婆婆把紙拍在桌上:“你就會拿表格嚇人。”
這句話刺得很準。我確實習慣躲在專業後面。只要把話說成“流程不合規”,就不用承認我真正介意的是他們佔了我的沙發、浴巾、夜晚和婚姻。
我收起方案。
“那我換個說法。媽,我不願意把家開放給陌生人。我需要回家後能關門,需要任何訪客先問我。
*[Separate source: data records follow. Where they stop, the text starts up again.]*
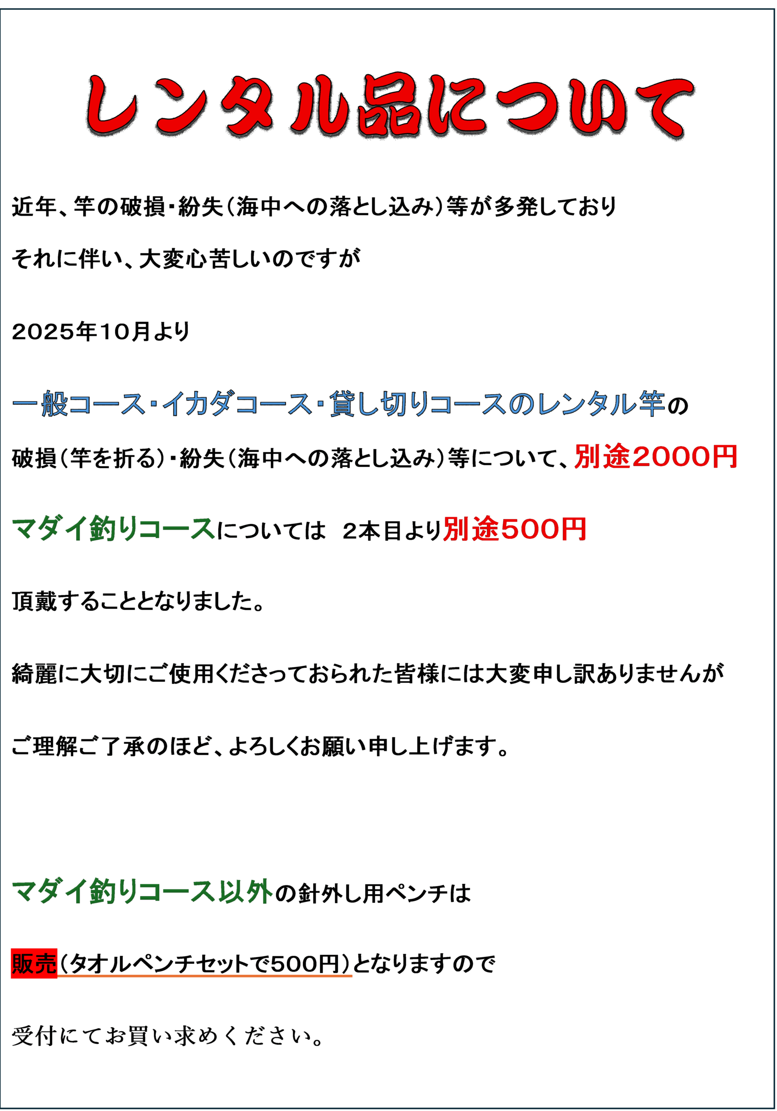 ※一般コース・イカダコース・貸し切りコースの釣り時間延長はおこなっておりません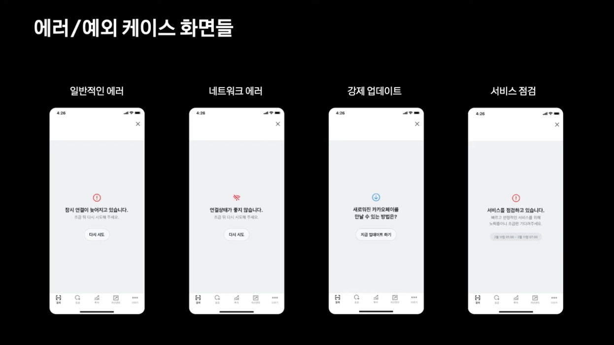 반환되는 HTTP 코드로 네트워크 에러, 타임아웃 에러, 계정이상 에러 체크로 구분
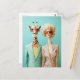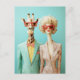 Une image surréaliste de style pop-art avec une girafe et une femme glamour habillée en tenues élégantes d'inspiration vintage. Les deux portent des lunettes de soleil rouges surdimensionnées, dégageant un charme suranné face à un arrière - plan pastel turquoise.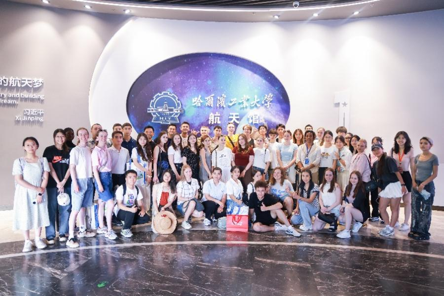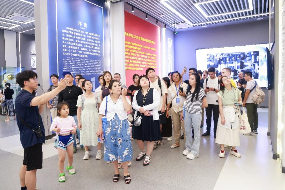 下午,组织学员参观哈工大航天馆。在讲解员的引导下,学员们近距离观摩了“长征火箭”“神舟飞船”“东方红一号”等模型,深入了解哈工大在国家重大航天任务中的关键技术贡献。互动体验区的模拟操作环节,让学员们直观感受到航天工程的系统复杂性与技术挑战,加深了中外学生在工程、技术与文化层面的交流与理解。

這不是工作要求,是我個人的要求。”
婆婆看著我,像第一次聽見我說人話。
周嶼卻從廚房出來:“你都搬走了,還管家裡開不開門?”
“因為我的東西還在那裡,因為我們還沒離婚,因為你們製造的風險可能找上我。”
“別動不動說離婚。”
“是你先把我排除在家之外。”
他臉沉下來:“你非要把媽唯一的樂趣也搬走?”
我把配鑰匙小票放到桌上。
“六把鑰匙。現在只回來三把。你要談樂趣,先告訴我另外三把在哪兒。”
周嶼掃了一眼,沒碰。
婆婆卻愣了:“六把?我只讓你配三把備用。”
屋裡靜了。
周嶼很快說:“師傅記錯了。”
我沒有拆穿他,只提出最後期限:“明晚六點前,全部放進鐵盒。
少一把,直接換鎖。”
離開時,婆婆追到樓道。
她塞給我一部老式按鍵手機,是許苗的備用機。
“這個你替她收著。”她壓低聲音,“我不會辦那些手續,可她上次半夜跑出來,腳上連襪子都沒有。你們單位下班了,派出所問她受沒受傷,她說沒有。是我給她開的門。”
我接過手機。
她做錯了很多事。
可那扇失控的門,也確實曾在一個女人最需要的時候開啟。
我不再想砸掉它。
我要做的是給它裝上門檻、門鎖和退路。